> INPUT DATA
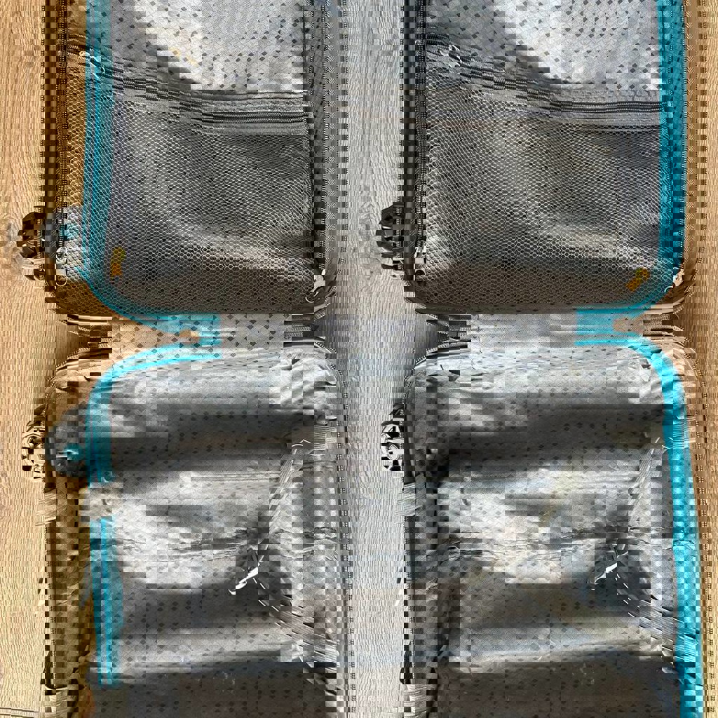 Размер 20*30*43. Колесики съемные. Всего 4 раза летал.
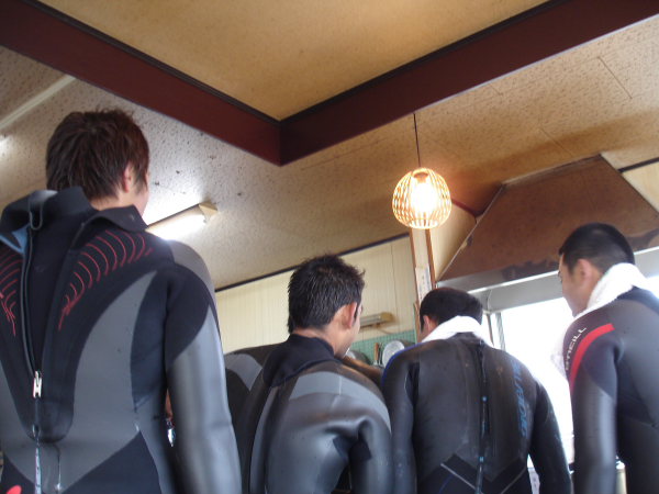 1Rめは、波はセットで腰腹。2Rめは胸くらいかな。お昼ご飯に定食やに入ったら、ウェットを着たままのサーファーが、ご飯を注文しに。外で食べるそうです(笑)。初めて見ましたこんな光景。
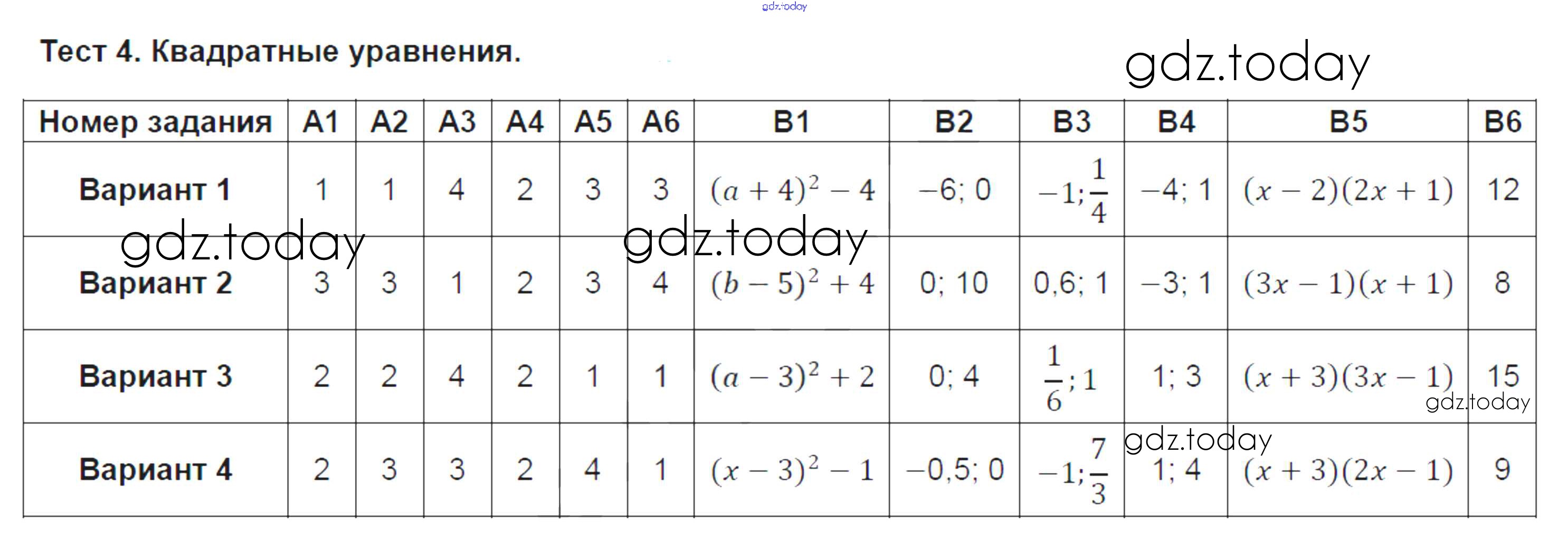 На страницах сайта gdz.today вы найдете учебный и вспомогательный материал, направленный на улучшения знаний школьной программы. ГДЗ - онлайн мир знаний Решение к тестам 4 Тематическим тестам по Алгебре для 8 класса Чулков, Струков Просвещение МГУ - школе 2012

> WHAT THE TASK ASKS
Without including the pictures, copy all of the data exactly.

> TASK RESULT
 Размер 20*30*43. Колесики съемные. Всего 4 раза летал.
 1Rめは、波はセットで腰腹。2Rめは胸くらいかな。お昼ご飯に定食やに入ったら、ウェットを着たままのサーファーが、ご飯を注文しに。外で食べるそうです(笑)。初めて見ましたこんな光景。
 На страницах сайта gdz.today вы найдете учебный и вспомогательный материал, направленный на улучшения знаний школьной программы. ГДЗ - онлайн мир знаний Решение к тестам 4 Тематическим тестам по Алгебре для 8 класса Чулков, Струков Просвещение МГУ - школе 2012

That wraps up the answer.